From Wikipedia, the free encyclopedia

Welcome to WikiProject Sweep! This collaboration aims to comprehensively review every article created in Wikipedia's early days to ensure basic conformity to modern standards. This page and its subpages aim to facilitate collaboration around this goal. If you'd like to help us, please add yourself as a participant to the project, inquire on the talk page, and see the to-do list for things to do. Thanks for helping us clean up old articles!

Link=Wikipedia:WikiProject Sweep
Link=Wikipedia:WikiProject Sweep

Transcluded WikiProject proposal

[edit]

Project launch

[edit]

Hi all! Tagging those who commented on the proposal: @Danre98, Techie3, GenQuest, Bilorv, Hog Farm, Remagoxer, Jh15s, Berrely, JesterSocks, Ajpolino, Pigsonthewing, Graeme Bartlett, Matt Deres, Eddie891, History DMZ, and PJvanMill: welcome! I'd appreciate help spreading the word about the launch of this project. Please also feel free to help build the project page. I laid out the basic game plan I think we should follow in the stages section; the first step is discussing here which articles to include (see below), and the second step is launching a WP:CENT-listed RfC to affirm community consensus for the sweep. Please let me know how that sounds and if you think we should make any changes. Cheers, {{u|Sdkb}}talk 03:48, 24 March 2021 (UTC)[reply]

Building the set of articles

[edit]

Okay, so our first major task is building the list of articles to be swept. Per the project proposal, this will include all articles that meet two criteria: (1) created before a TBD cutoff date, and (2) does not fall into any TBD exclusion categories. I'll create subsections below for us to discuss each of those things. {{u|Sdkb}}talk 03:48, 24 March 2021 (UTC)[reply]

Cutoff date

[edit]

Very roughly speaking, this is somewhere in the late 2000s or the early 2010s. One potential date that comes to mind is the establishment of comprehensive new page patrolling, which I think was launched about this time. Could someone sleuth out when specifically that was? {{u|Sdkb}}talk 03:48, 24 March 2021 (UTC)[reply]

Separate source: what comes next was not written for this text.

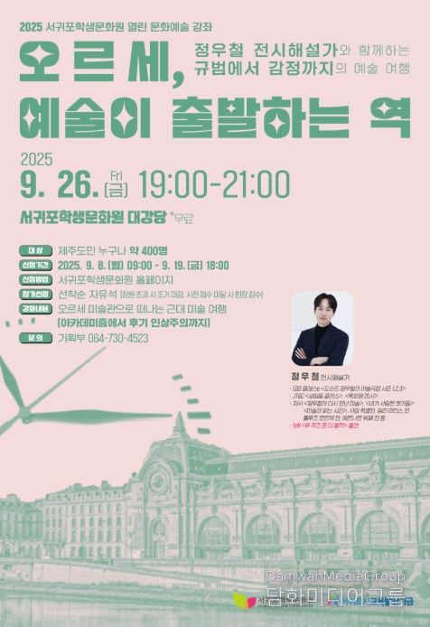 강정림 원장은 “이번 강좌가 지역사회 교육기관 간 협력을 강화하고 학생과 보호자, 교직원, 지역 주민 모두가 함께하는 고품격 문화예술 체험의 장이 되길 바란다”며 “많은 도민이 부담 없이 참여해 오르세 미술관이 품은 19세기 예술의 흐름과 감동을 함께 느껴보길 기대한다”고 말했다.

Patrol started logging on 16:58, 16 November 2007. Page curation first log event was on 21:54, 6 September 2012. Graeme Bartlett (talk) 04:35, 24 March 2021 (UTC)[reply]
@Graeme Bartlett: What's the difference between patrolling and page curation? Is it that page curation is comprehensive (i.e. every page goes through a queue) whereas the patrolling was just ad hoc? If so, I think the curation might be the better cutoff date. I found Wikipedia:New_pages_patrol#History, which seems to indicate that NPP was at least being set up in 2011. {{u|Sdkb}}talk 04:44, 24 March 2021 (UTC)[reply]
Wikipedia:New pages patrol goes back to 2004 as a proposal. Page curation is adding the tags, with an interface to allow deletion or maintenance tagging. It was a WMF extension to help with patrolling. I don't know when pages were no-indexed till patrol though. Graeme Bartlett (talk) 07:41, 24 March 2021 (UTC)[reply]
I don't think NPP was particularly comprehensive or organised before Kudpung's reforms c. 2011. Those led to the creation of Wikipedia:Page Curation, which was deployed on 20 September 2012. So that could be a good, relatively conservative cutoff. @Kudpung: would know more though. – Joe (talk) 20:20, 24 March 2021 (UTC)[reply]

Exclusion criteria

[edit]

We have a whole bunch of possibilities here. I think we should aim to include all categories that indicate that an article has passed a quality review or is otherwise unlikely to be totally a mess. Here's some ideas:

These all seem like very safe criteria. If we wanted to get a little more aggressive, we could add B-class articles (but that's a little risky, as anyone could have self-assessed) or articles with high pageviews (but this should overlap with number of editors, and I think it's better to go by that than number of readers). Something to note is that we can always loosen our standards after we get under way, but it's a lot harder to tighten them if we notice questionable pages slipping through. Also, once we agree on these standards, I think they should be somewhat fixed, e.g. if someone adds a page from 2006 to the VA5 list a month from now, it should still be swept. This is to prevent editors protecting questionable pages who get wind of the sweep from trying to evade it. Does anyone have suggestions on other criteria we might want to include, or concerns about the criteria I denoted above? {{u|Sdkb}}talk 03:48, 24 March 2021 (UTC)[reply]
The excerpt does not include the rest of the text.